Here are our Top 10 thoughts on the subject of dealing with architecture on Agile projects:
- On any complex project that is delivered using an Agile methodology, special effort should be allocated for designing the right architecture, because the textbook understanding of Agile does not provide for it automatically. The actual implementation of this approach will depend on the project at hand.
- At minimum, architectural decisions for the upcoming sprint should be discussed and made during the sprint planning session, because without them a sprint cannot be estimated correctly. If necessary, the appropriate ‘technical’ stories should be discussed and estimated. (However, it is advisable to define user stories so that newly implemented architectural features are, indirectly, a part of normal user stories with visible GUI and testable functionality.)
- Architectural decisions that involve specific user stories should be estimated and documented as child tasks related to those stories.
- An experienced architect (who, as a rule, is shared between several projects) should ideally be present at the sprint planning meeting.
- If the architect’s presence at the sprint planning meeting is not possible, he or she should review the architectural decisions made by the team promptly, ideally within one day, and approve or reject them. If the changes requested by the architect impact the estimates significantly, sprint cancellation should be invoked.
- On large projects with a complex architecture, it is advisable to maintain a team of architects to be shared between several agile teams. This team will generate and submit specific architectural decisions to teams before each sprint planning session, and the teams will take those decisions into account as they estimate their sprints.

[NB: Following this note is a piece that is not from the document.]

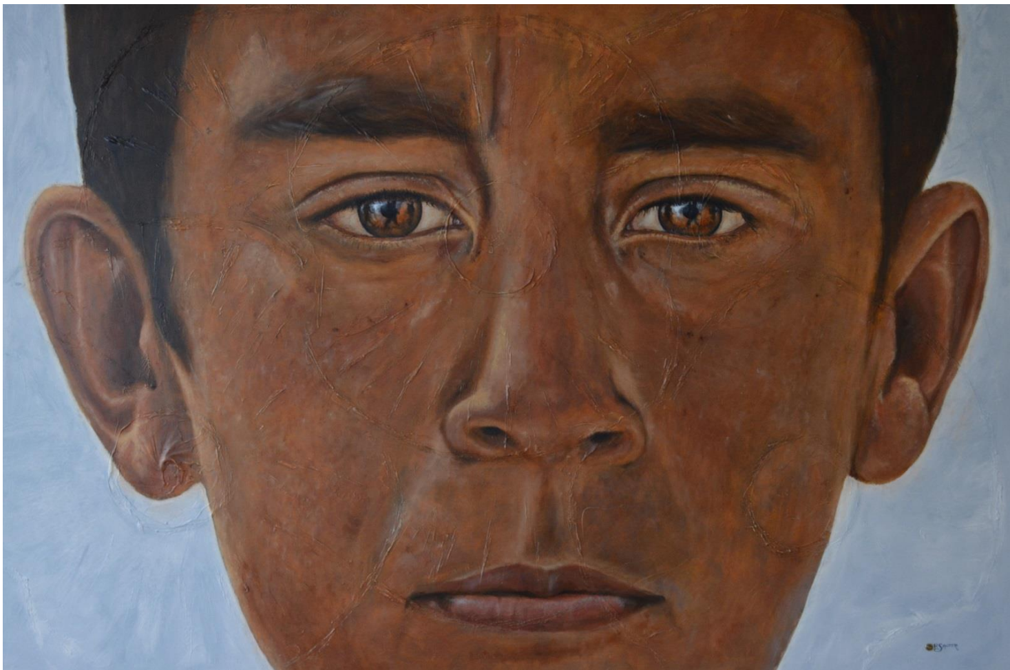
2013, One child, three soldiers, inescapable memories, 138x96cm, Oil on Panel

- Architecture documentation, if required, should be updated by the architect at the end of every sprint, because too many changes can occur during a sprint, and any attempt to keep the documentation up to date “in real time” becomes too time consuming.
- Unlike developers and testers, a dedicated architect should not estimate and track his/her time, because the architect’s activities are carried out in a continuous fashion, often in part-time mode, and can be hardly estimated correctly.
- On small and medium size Agile projects, architecture can be defined during the Planning Game by brainstorming with the entire team. In more complex projects with a lot of specific requirements and restrictions regarding customer production environment, the team can still generate good architecture solutions, but in this case a dedicated architect (probably shared between several Agile projects for the same customer) can be useful, e.g. for quick review and approval of solutions generated by the team during the Planning Game.
- Otherwise what could happen, for example, is that the team may come up with a great architecture solution for the implementation of a particular User Story that would be nice in an ideal world, but the deployment of the whole project could fail, because customer security will not allow it due to very specific limitations.